WORK REQUIRED:
A word-for-word copy of the data, with no images, is the required answer.
──────── GIVEN DATA
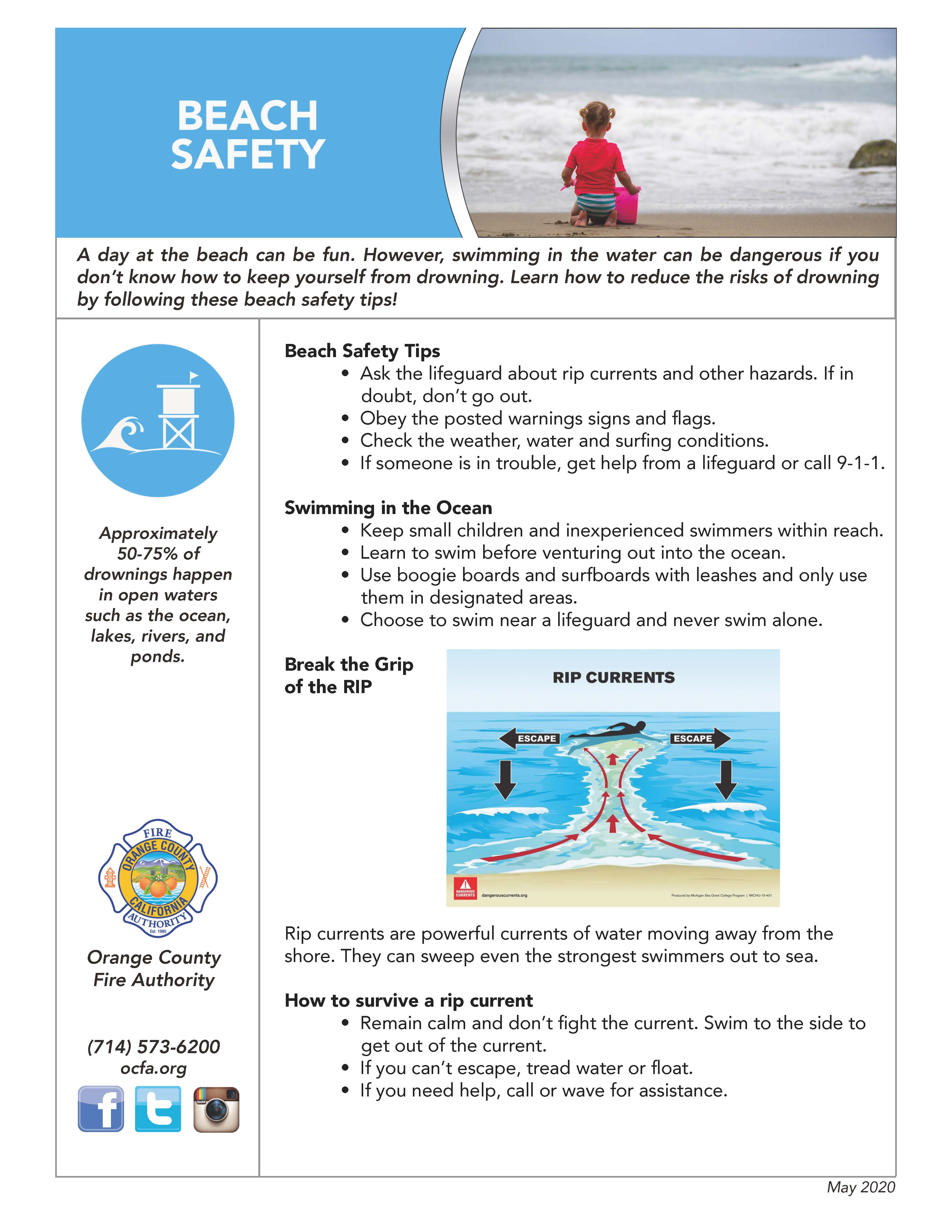 In 2023, over 30 drowning incidents in Orange County occurred in open waters such as the ocean, lakes, rivers, and ponds. Swimming in the water can be dangerous if you don't know how to keep yourself from drowning. Learn how to reduce the risks of drowning by following the safety tips included in our Beach Safety flyer and social media posts.
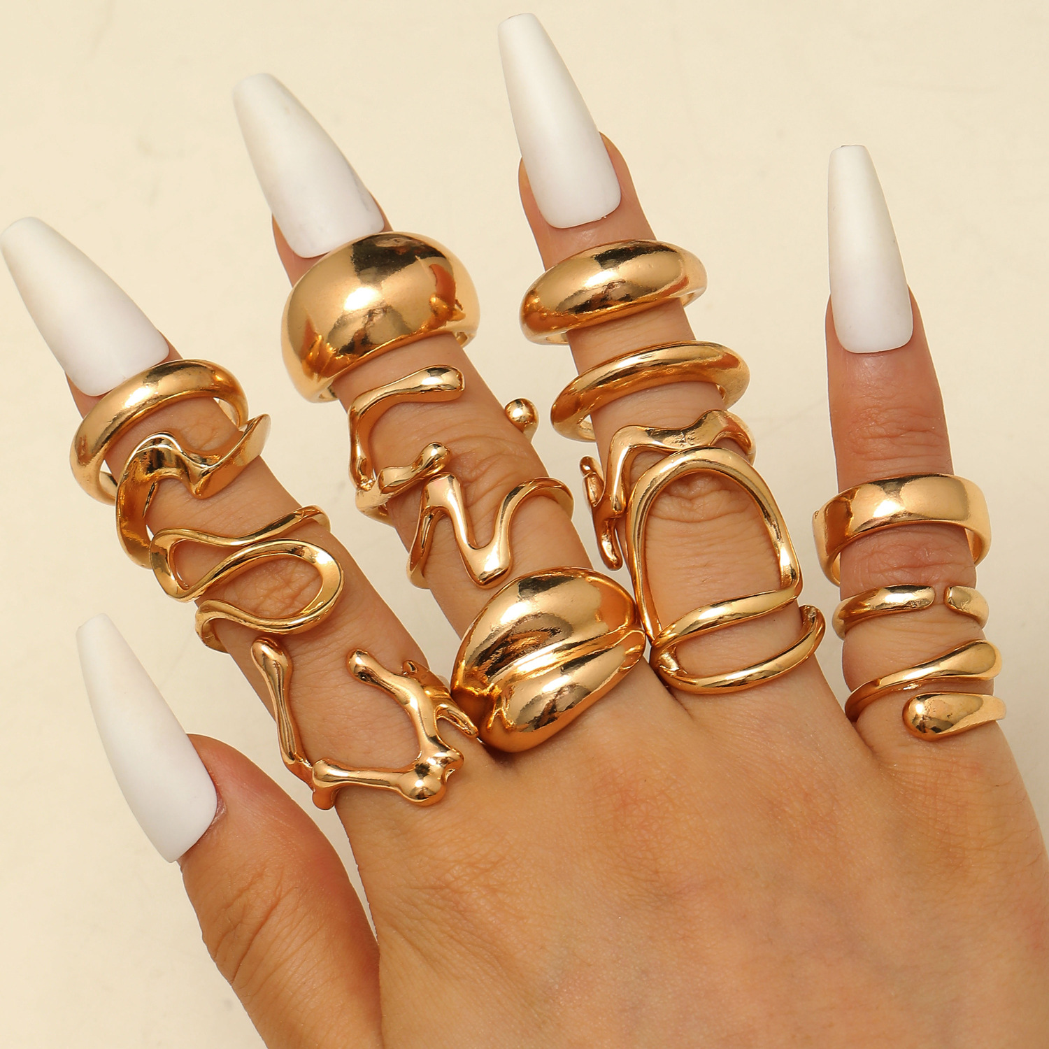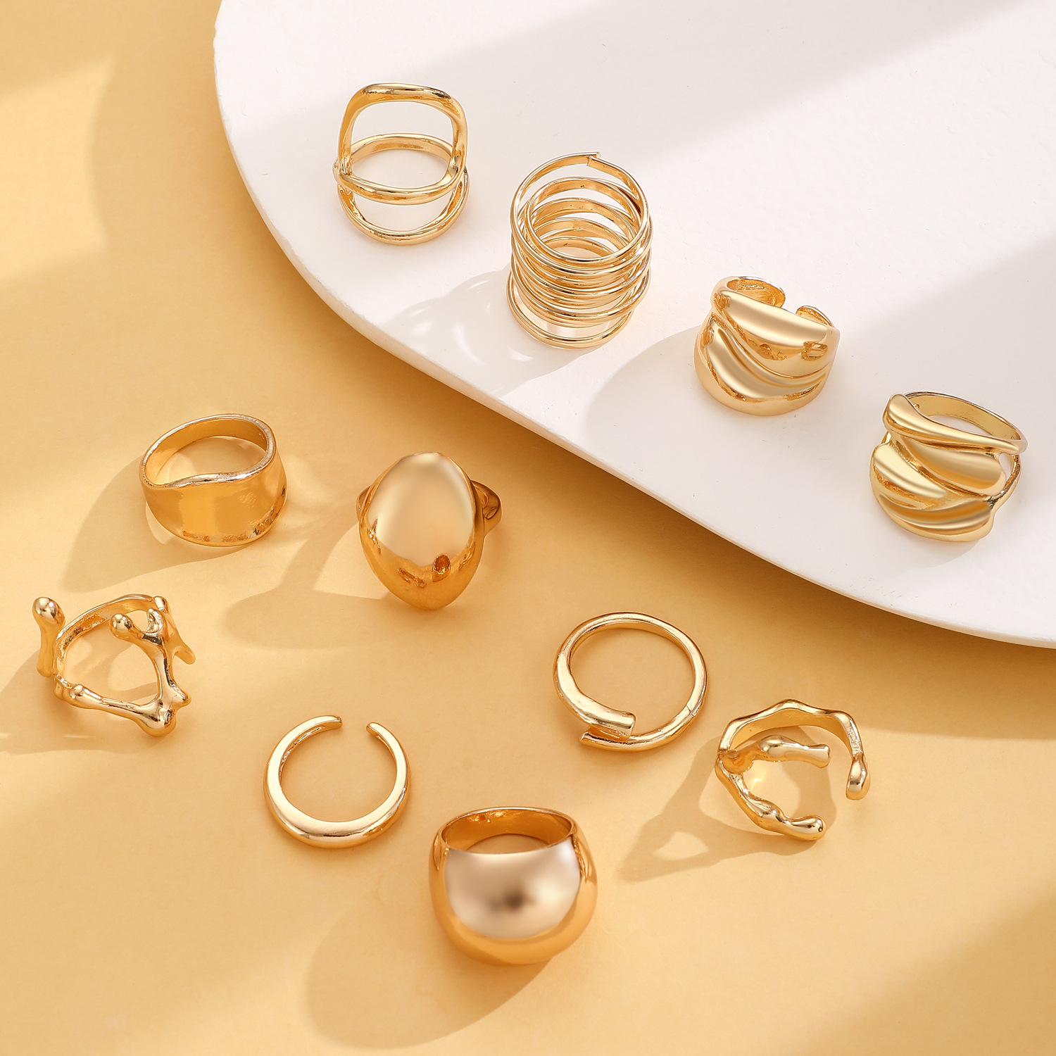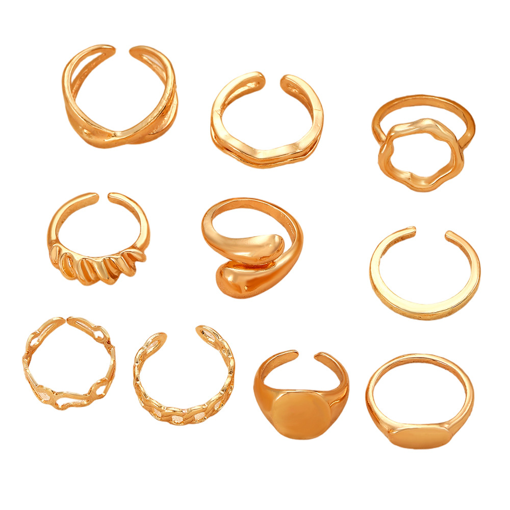 Cink Alloy Ring Set, Cink ötvözet, arany színű aranyozott, divat ékszerek, több színt a választás, Által értékesített Set
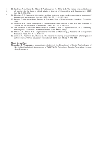 33. Kaufman F. A., Harrel G., Milam C. P., Woolverton N., Miller L. B. The nature role and influence of mentors in the lives of gifted adults // Journal of Counselling and Development. 1986. Vol. 64. P. 576-578.
────────────────
EXERCISE SOLUTION:
 In 2023, over 30 drowning incidents in Orange County occurred in open waters such as the ocean, lakes, rivers, and ponds. Swimming in the water can be dangerous if you don't know how to keep yourself from drowning. Learn how to reduce the risks of drowning by following the safety tips included in our Beach Safety flyer and social media posts.
 Cink Alloy Ring Set, Cink ötvözet, arany színű aranyozott, divat ékszerek, több színt a választás, Által értékesített Set
 33. Kaufman F. A., Harrel G., Milam C. P., Woolverton N., Miller L. B. The nature role and influence of mentors in the lives of gifted adults // Journal of Counselling and Development. 1986. Vol. 64. P. 576-578.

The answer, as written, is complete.